Dr. Shen did not recommend chemotherapy, and unlike everyone else, he had the data to back it up. He walked us through his research in person, well before it was published. It was one of the largest studies ever done on early-stage appendix cancer, and it found no survival benefit from chemotherapy after surgery, even for patients flagged as high risk by colon cancer rules. For David’s subtype and stage, there was no evidence chemo would lower his risk. He was clear this was specific to David’s situation. If David had been stage 4, he would have recommended chemo first to shrink the tumor before surgery, but only three months of it, not six. I wrote more about this study and what it means for patients here.

That was data we could trust.

Dr. Shen also ordered genomic sequencing on David’s tumor. It built a personalized DNA profile, so his blood could be checked for tiny signs of recurrence long before a scan would ever pick them up.

With that research in hand, David made his call: no chemo, observation only.

Observation, not chemo

By April 2024, Dr. Shen confirmed the genomic results backed up his recommendation, and David officially moved into observation. He recovered well. Three weeks later we were back in the camper, headed for the life we loved, with a stop in Orlando to see our daughter.

Why I built APPENDICURE

After months of phone calls, research, and sleepless nights, I realized our story was not special. It was just lucky. We caught it early. We found the right people. We learned to ask for data instead of taking assumptions at face value. Most patients never get that head start, and most have no idea where to begin.

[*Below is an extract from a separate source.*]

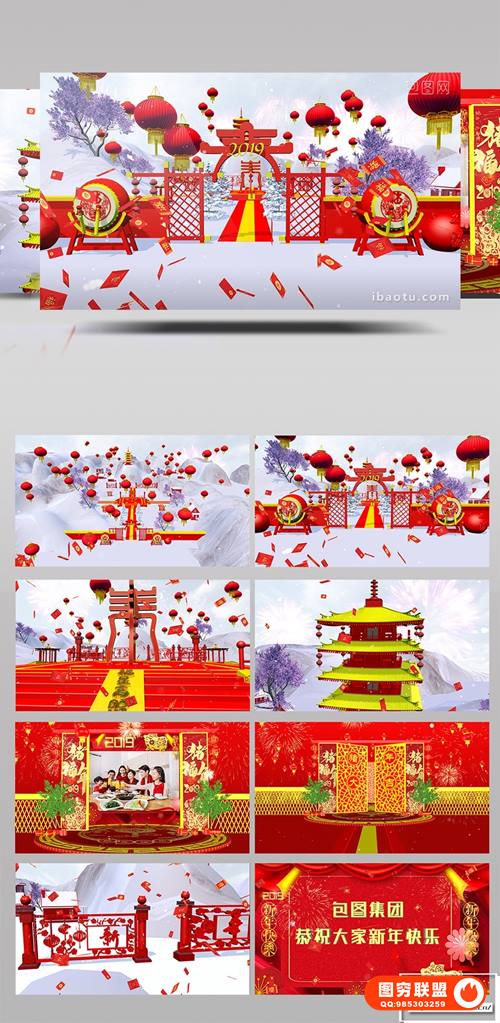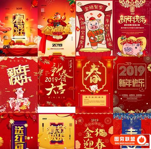 图穷联 » 精选60套2019春节元旦主题新年快乐拜年晚会祝福PS海报AE/PR模板
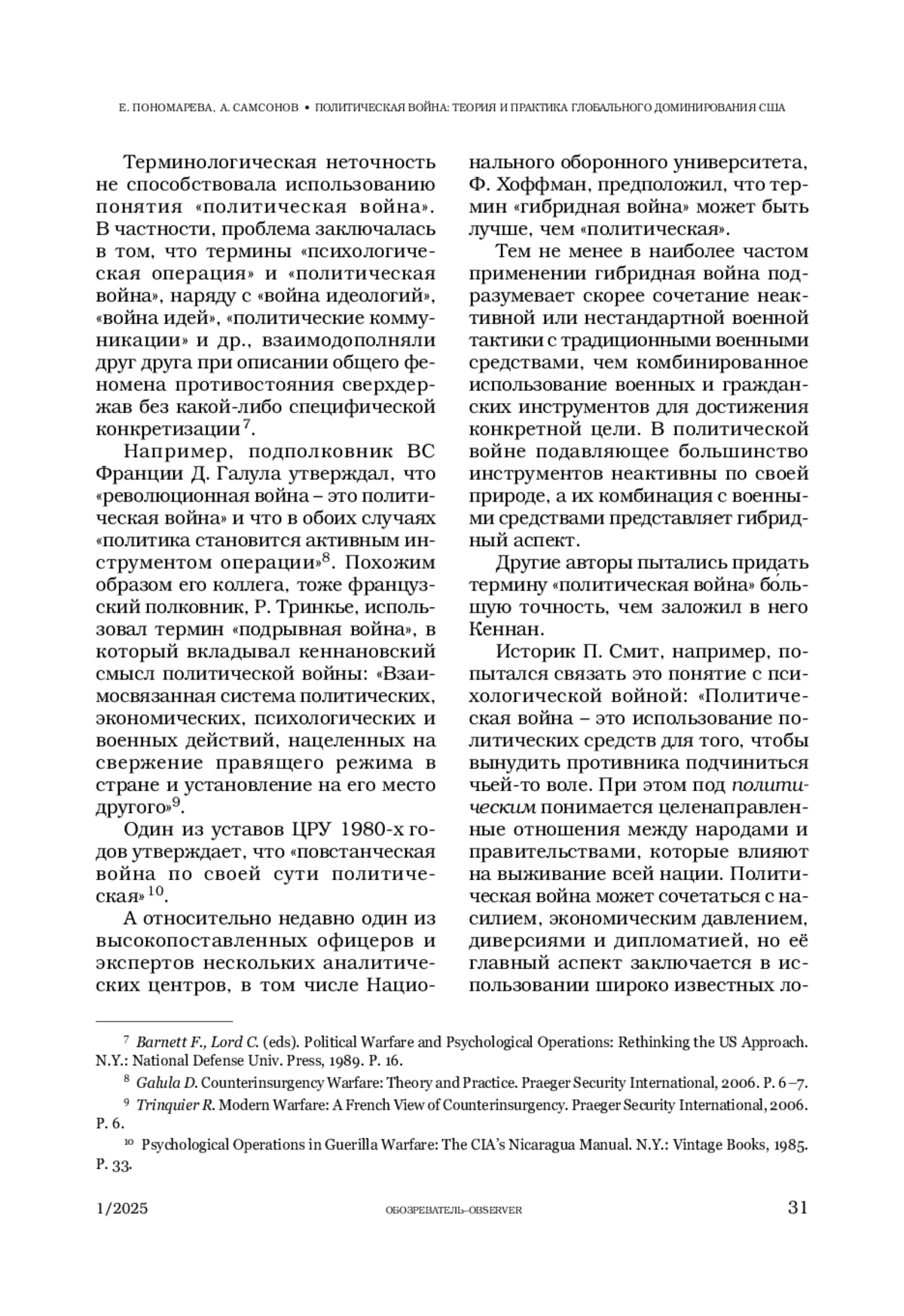 Авторы на основе доктринальных документов и научной литературы показали эволюцию понятия «политическая война». Теоретическая рамка, предложенная Дж. Ф. Кеннаном, за годы противостояния сверхдержав стала основой стратегического планирования Вашингтоном долгосрочных и разрушительных, в том числе тайных операций, по устранению влияния СССР в мире. Концептуально политическая война включает дипломатию принуждения, финансово-экономические способы давления, информационно-психологические и военно-политические операции. Весь этот арсенал в настоящее время направлен против России с целью подрыва её устойчивости и политической субъектности.

That is why I built APPENDICURE: to make the path clearer for the people who come after us.

This site is built for patients and caregivers, by someone who has lived it. It is a place to find credible information, real support, and stories of survival, without the confusion and misinformation that follow this disease around.

In October 2024, we sold our house and moved to Oak Island, North Carolina. Nothing puts life in perspective like a cancer diagnosis.

Now I look out at the ocean every morning and think about how close we came to missing this view, and how many people never get that miracle phone call after a routine colonoscopy. I hope APPENDICURE can be the place where patients and caregivers find answers they can actually understand.